On this page a 26°×32° wide-field view of the Milky Way in the constellation Cygnus is presented in different color composites.
This region is full of emission nebulae which are partially obscured by dark nebulae near the galactic plane.
Click on the images to load a full resolution version with up to more than 100 megapixels using a JavaScript viewer.
This image is a false color composite where H-alpha (including red continuum) is mapped to red, blue continuum (including [OIII] and H-beta emissions) is mapped to green and red continuum (without H-alpha) is mapped to blue.
Reflection nebulae appear green to blue, HII regions are red.
Stars in the continuum channels are partially subtracted in order to make the faint nebulae visible.
This visualization is a pseudo color image which only uses the H-alpha data (including some red continuum). It shows much more details of the emission nebulae than the image above.
Color composition: After partial star subtraction the dynamic range was compressed using a non-linear hi-pass filter. That leads to a compression ratio r which is used to calculate the color as depicted in the legend.
(The legend shows the compression c:=1-r). Blue regions least compressed while white regions are most compressed. The luminance is determined by the tonal curve corrected result of the dynamic range compression.
An almost-true color image.
Unlike to the other images the stars are not subtracted. This improves the visibility of dark nebulae that absorb the light from the stars behind.
Due to limited resolution of continuum channels the image is only presented at half resolution.
Selected details
Here are a few details that also can be seen using the JavaScript viewer.

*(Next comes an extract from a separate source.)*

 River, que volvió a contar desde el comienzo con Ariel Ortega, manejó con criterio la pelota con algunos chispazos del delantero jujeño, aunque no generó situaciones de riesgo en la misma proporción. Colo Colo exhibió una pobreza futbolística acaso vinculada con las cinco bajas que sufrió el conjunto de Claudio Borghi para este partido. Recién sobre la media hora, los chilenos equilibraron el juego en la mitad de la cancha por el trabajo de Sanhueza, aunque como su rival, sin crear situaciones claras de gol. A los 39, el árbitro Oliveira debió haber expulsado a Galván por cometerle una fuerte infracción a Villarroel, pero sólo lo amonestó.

SH2-117 which is obscured by a band of dark dust. That dark nebula separates the HII region into two parts, the North America Nebula (NGC 7000) and the Pelican Nebula (IC 5070).

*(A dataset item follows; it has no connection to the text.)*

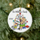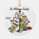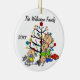 Ein hübscher, runder Keramik-Sake Weihnachtsschmuck umfasst eine Strichmännchen-Familie mit einer Mutter, einem Mädchen, einem Kleinkind, einem schlafenden Baby und einer Familienkatze vor einem dekorierten Weihnachtsbaum mit Bereichen, die Sie mit Ihrem Familiennamen und dem laufenden Jahr anpassen können! Dieses niedliche Urlaubssendekor ist ein großes Geschenk für die junge Familie, um ein besonderes Jahr zu feiern!

It is assumed that the ionization source is J205551.27+435224.3 ([1]) which lies behind the dark nebula in a distance of about 2500 light years (Gaia EDR3).

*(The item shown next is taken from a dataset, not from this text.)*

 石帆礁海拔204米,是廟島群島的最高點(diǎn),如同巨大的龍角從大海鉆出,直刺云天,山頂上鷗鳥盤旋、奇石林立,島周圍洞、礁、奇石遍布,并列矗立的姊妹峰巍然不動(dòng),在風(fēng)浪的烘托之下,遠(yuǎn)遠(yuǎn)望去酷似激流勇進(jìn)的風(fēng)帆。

Also see the observations section of an interactive presentation of these objects using the Javascript Viewer.
A wider view which shows more HII regions. The nebula above NGC 7000 is SH2-119 which is ionized by 68 Cygni (the bright star in the center of the nebula). Its distance according the Gaia EDR3 is about 2200 light years.
The nebula in the lower half of the image is just a small part of a huge HII region in background. It is ionized by the Cygnus OB2 association whose average distance is about 5000 light years (Gaia EDR3).
Smaller objects that can be seen in this image are the Crescent Nebula (NGC 6888, SH2-105) and SH2-112
Also see the observations section of an interactive presentation of these objects using the Javascript Viewer.
Similar view as above but here as as pseudo-color image using H-alpha data only. That visualization emphasizes the complex structures of the nebulae.
The Veil Nebula (SH2-103) is a supernova remnant which exploded about 10,000 to 20,000 light years ago and which lies in a distance of about 2500 light years ([2]).
Observations and discoveries
Click on the following links for presentations of interesting observations using the JavaScript Viewer.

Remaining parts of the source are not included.